▸ YOUR GOAL: Set down the entries again word for word, without any of the images.

[Stored entries]
• • •
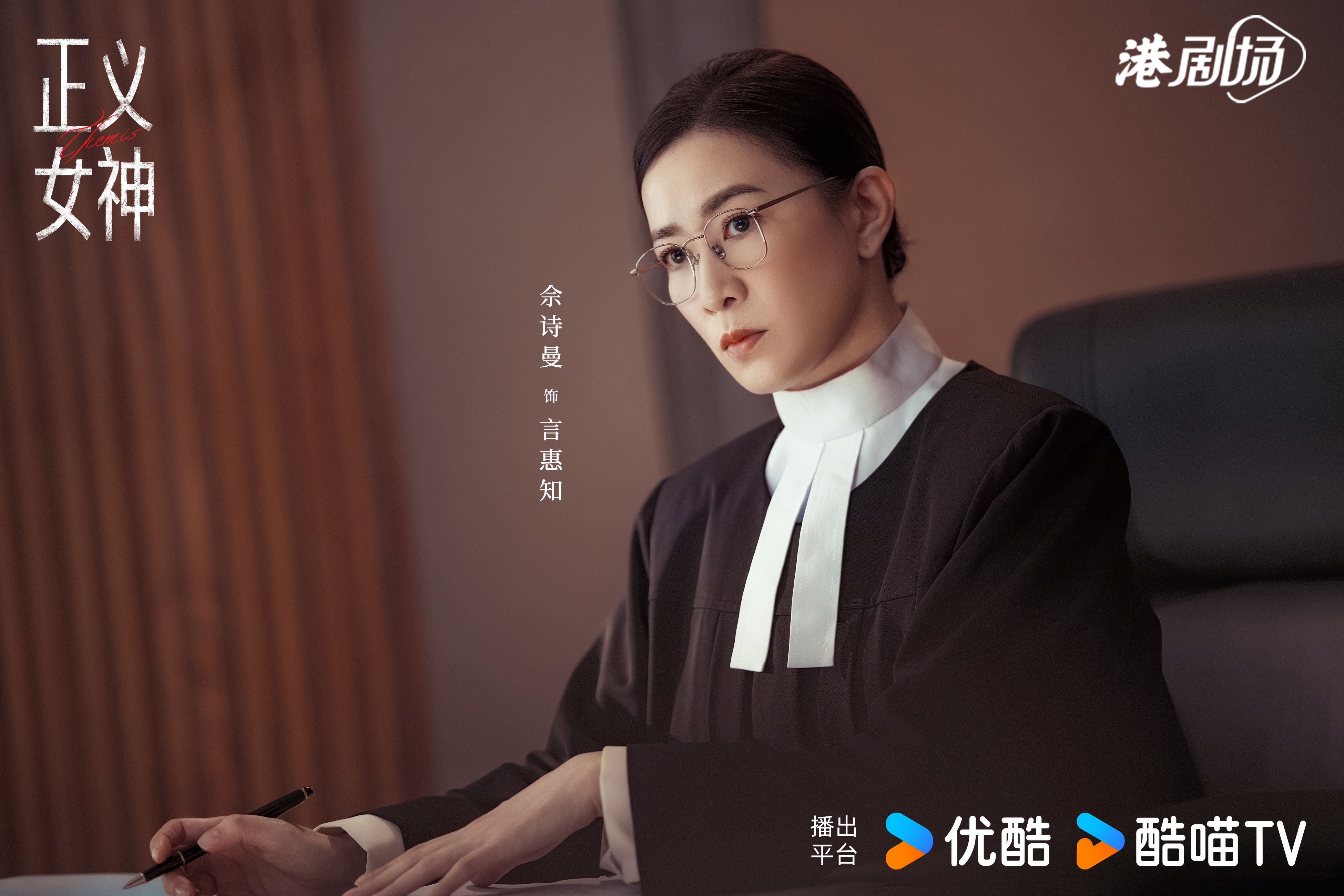 佘诗曼在律政剧《正义女神》中饰演法官言惠知。
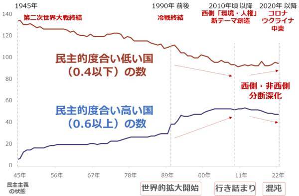 図:自由民主主義指数0.4以下および0.6以上の国の数(1945年~2022年)
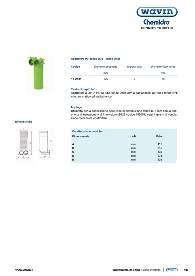 Utilizzato per la connessione delle linea di distribuzione tonda Ø75 mm con la boc-
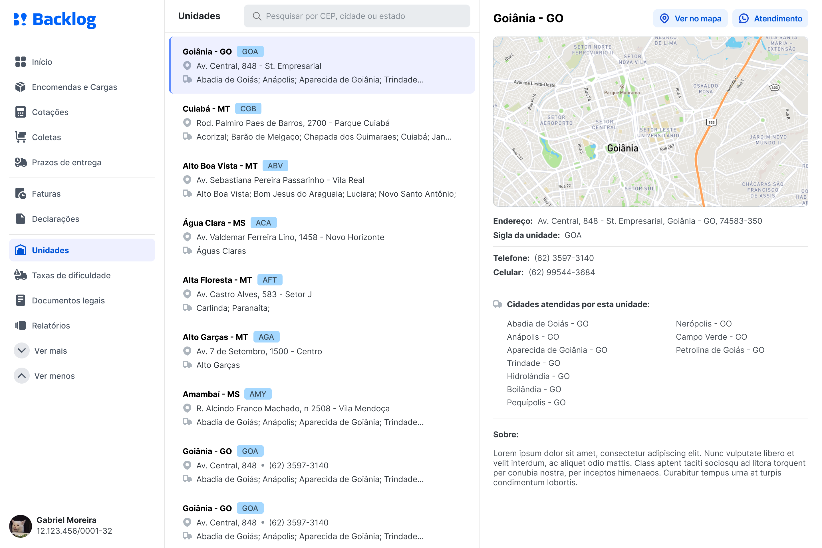 Acesso rápido aos status de todas as mercadorias e notificações de ocorrências.
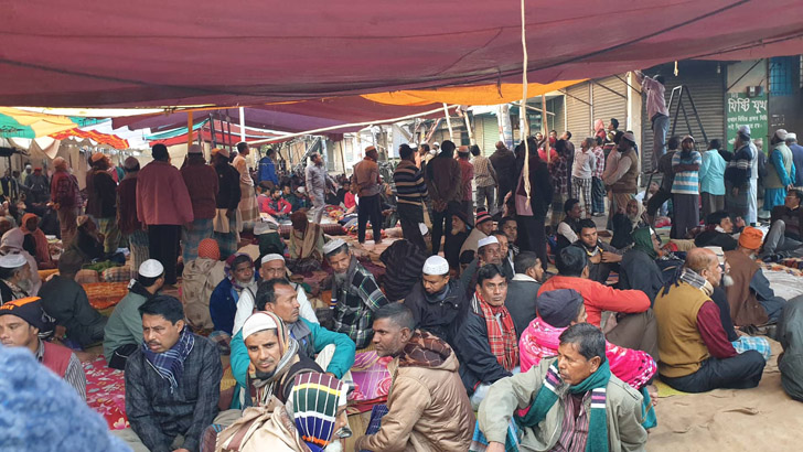 প্রচণ্ড শীতের মধ্যেও দাবি আদায়ে নিজ নিজ মিলগেট ছেড়ে যানটি খুলনার শ্রমিকেরা। দাবি পূরণে আন্দোলনে অনড় রাজশাহী, চট্টগ্রাম আর নরসিংদীর শ্রমিকরাও।
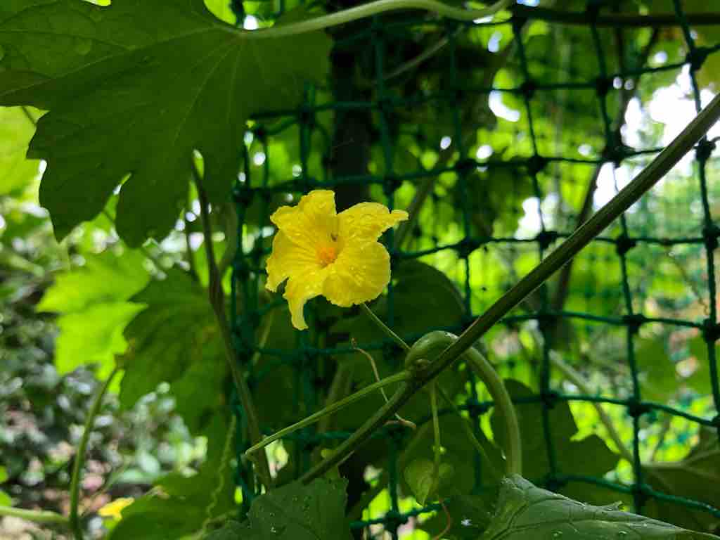 ↓雌花(黄色い花の下に膨らみありこれがゴーヤに)
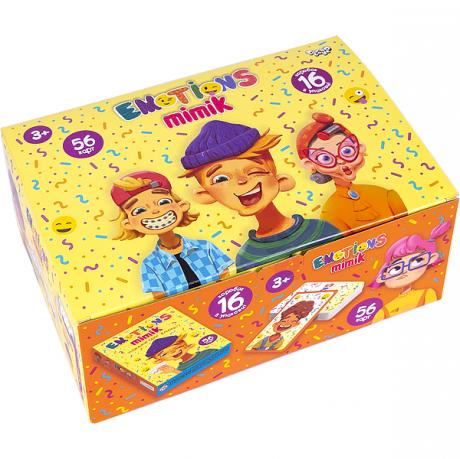 Карткова гра «Emotions Mimik» - це весела і пустотлива настільна гра. Гримасуй і вигравай! Мета гри: будуючи пики і запам'ятовуючи міміку інших гравців, зібрати найбільшу кількість карток. З цією грою не засумуєш! Оформлення укр. Комплект містить ігрові картки 56шт, правила гри. Розмір упаковки 13х 9х2,5 см. Вік 3+
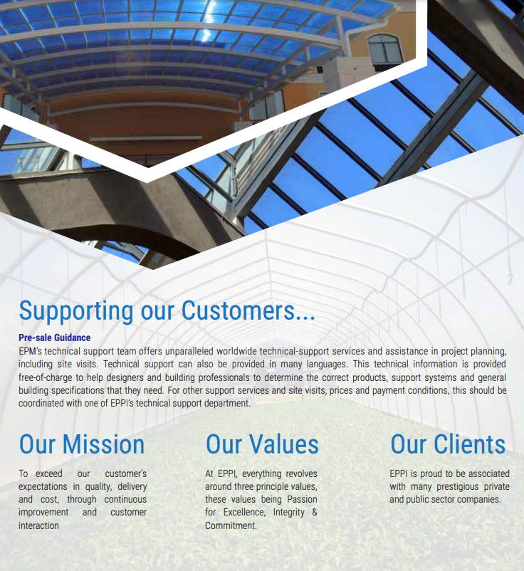 Polycarbonate sheets offer the highest levels of glazing performance where transparency or tailored light transmission along with high impact strength is of vital importance. Their versatility makes them the ideal choice for glazing in hospitals, schools, sporting arenas and public infrastructure projects. They are available in transparent (compact sheets) & textured (emboss sheets) finishes.
• • •
▸ RESPONSE TO THE EXERCISE:
 佘诗曼在律政剧《正义女神》中饰演法官言惠知。
 図:自由民主主義指数0.4以下および0.6以上の国の数(1945年~2022年)
 Utilizzato per la connessione delle linea di distribuzione tonda Ø75 mm con la boc-
 Acesso rápido aos status de todas as mercadorias e notificações de ocorrências.
 প্রচণ্ড শীতের মধ্যেও দাবি আদায়ে নিজ নিজ মিলগেট ছেড়ে যানটি খুলনার শ্রমিকেরা। দাবি পূরণে আন্দোলনে অনড় রাজশাহী, চট্টগ্রাম আর নরসিংদীর শ্রমিকরাও।
 ↓雌花(黄色い花の下に膨らみありこれがゴーヤに)
 Карткова гра «Emotions Mimik» - це весела і пустотлива настільна гра. Гримасуй і вигравай! Мета гри: будуючи пики і запам'ятовуючи міміку інших гравців, зібрати найбільшу кількість карток. З цією грою не засумуєш! Оформлення укр. Комплект містить ігрові картки 56шт, правила гри. Розмір упаковки 13х 9х2,5 см. Вік 3+
 Polycarbonate sheets offer the highest levels of glazing performance where transparency or tailored light transmission along with high impact strength is of vital importance. Their versatility makes them the ideal choice for glazing in hospitals, schools, sporting arenas and public infrastructure projects. They are available in transparent (compact sheets) & textured (emboss sheets) finishes.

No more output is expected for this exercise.